Figure 1: Number of live births in 1974 the counties of North Carolina, USA
Measuring connectivity
In order to model variation across spatial regions we need a way to define which regions are related, i.e. a measure of connectivity.
Distances between centroids
There are two main ways that spatial connectivity is measured with areal data. One approach is to take the centroid of the areas and then measure the distances between the centroid points. Typically, a distance measure is used that assumes that objects that are further away are less related than objets that are closer together. A downside to this approach, especially when the units have irregular shapes, is that the centroids may not be a good representation of the locations of the area. A further downside is that the distances between the points may not actually represent spatial connectivity.
Adjacency of polygons
An alternative way to measure connectivity is to use adjacency. For this metric area that share common boundaries or vertices might be considered connected, sometimes called neighbours. There are two main ways of defining neighbours: Queen case and Rook case. Queen case include vertices and boundaries, whereas Rook case only includes boundaries. Neighbours can also be measured using the distance between centroids metric, either by using k-nearest-neighbours or using a buffer around each point to define the neighbours. Here we will focus on polygon connectivity. We define two functions that tell us whether polygons in the simple feature share an edge (rook) or at least one point (queen).

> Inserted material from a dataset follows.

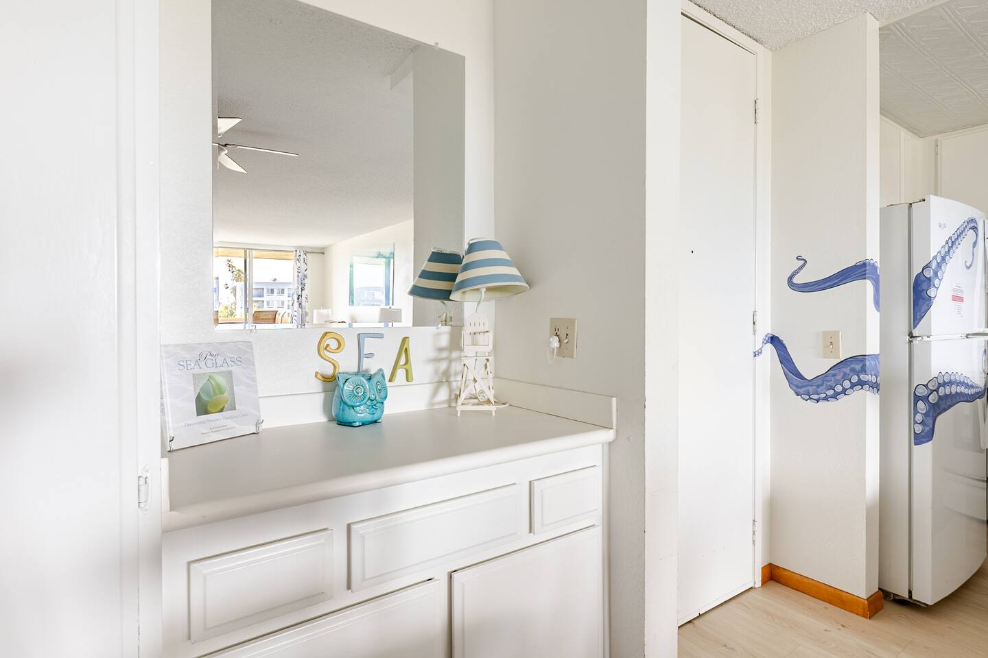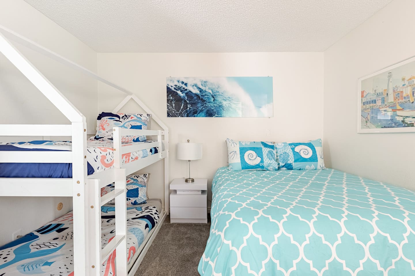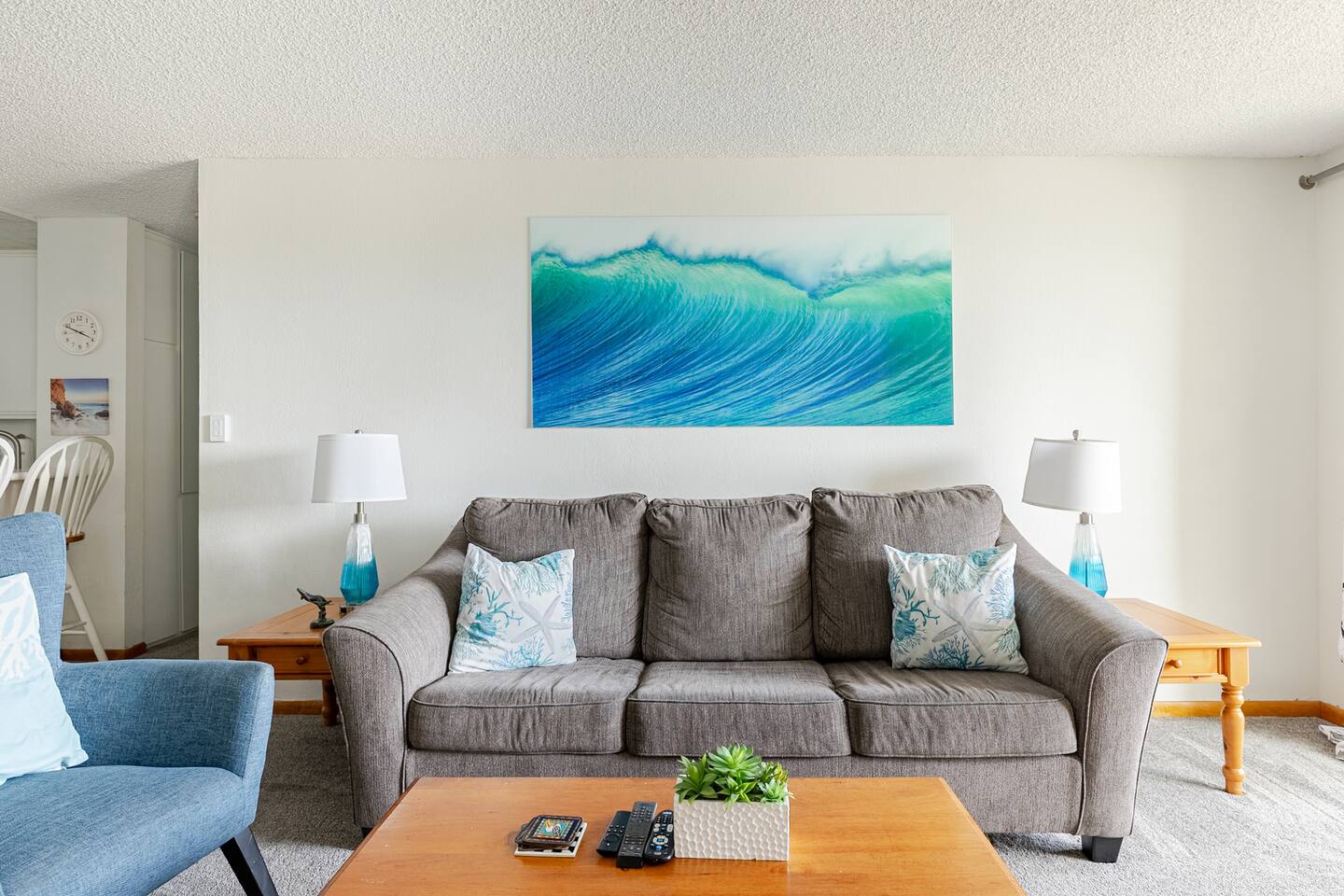 Enjoy the gorgeous ocean views, beautiful Pool, hot Tub and Beach at North Coast Village. This Oceanview condo will soothe you with shades of blue and turquoise as you gaze out at the sea. Relax on the balcony and listen to the sounds of the waves or enjoy the beach! The living area offers a comfortable sofa and 2 arm chairs. One bedroom has a king bed and ocean views and the other has a queen and a twin bunk bed. Both bedrooms have portable air condition units in the bedrooms.

This is done by using regular expressions to poll the listed relationships between polygons in the simple feature,
st_queen <- function(a, b = a,...) st_relate(a, b, pattern = "F***T****", ...)
st_rook <- function(a, b = a,...) st_relate(a, b, pattern = "F***1****", ...)
Figure 2: Adjacency of six counties in North Carolina
Spatial weights matrix
In order to include the spatial connectivity in our analyses we need a way to represent it mathematically. This is usually done using a matrix, often termed a spatial weights matrix. For the distance case, each element in the matrix will represent some function of the distance between the centroids. For adjacency, the spatial weight matrix could have a value of 1 for neighbours and a value of zero when units aren’t neighbours.
Case study - Haiti vaccine coverage
| Variable | Description |
|---|---|
| adm2code | Admin 2 level code |
| adm1code | Admin 1 level code |
| adm1_en | Admin 1 name English |
| adm2_en | Admin 2 name English |
| adm0code | Admin 0 level code |
| adm0_en | Admin 0 name English |
| female | Number of females 2013 |
| male | Number of males 2013 |
| under_18 | Number of under 18s 2013 |
| age_18_and_over | Number of over 18s 2013 |
| rural | Rural population 2013 |
| urban | Urban population 2013 |
| total | Total population 2013 |
| dtp3coverage2016 | Vaccine coverage 2016 (%) |
| vacc_num | Number vaccinated 2016 |
| vacc_denom | Number eligible for vaccination 2016 |
| urbanpct | Proportion of population living in urban area 2013 |
| geometry | The polygon for admin 2 |
The functions in sf allow us to define neighbourhood structures and convert these to spatial weights matrices in R. The spatial weights matrix will be used later for regression modelling and assessing spatial correlation.
library(sf)
sf_use_s2(FALSE)
adm2 <- st_read('data/haiti/adm2.geojson',
stringsAsFactors = F, quiet = TRUE)
# create a neighbours object
adm2_nb <- st_queen(adm2, sparse=FALSE)
The structure of the weights matrix, \(W\), tells us which of the nodes in our graph (the regions) are neighbours of each other, and these are shown above with edges connecting the centroids of the regions. If two nodes, \(i\) and \(j\), in the graph are connected by an edge, then \(w_{ij} = w_{ji} = 1\). If they are not connected by an edge, then \(w_{ij} = w_{ji} = 0\). The rows and columns are numbered according to the index of the region code in the adm2sp data.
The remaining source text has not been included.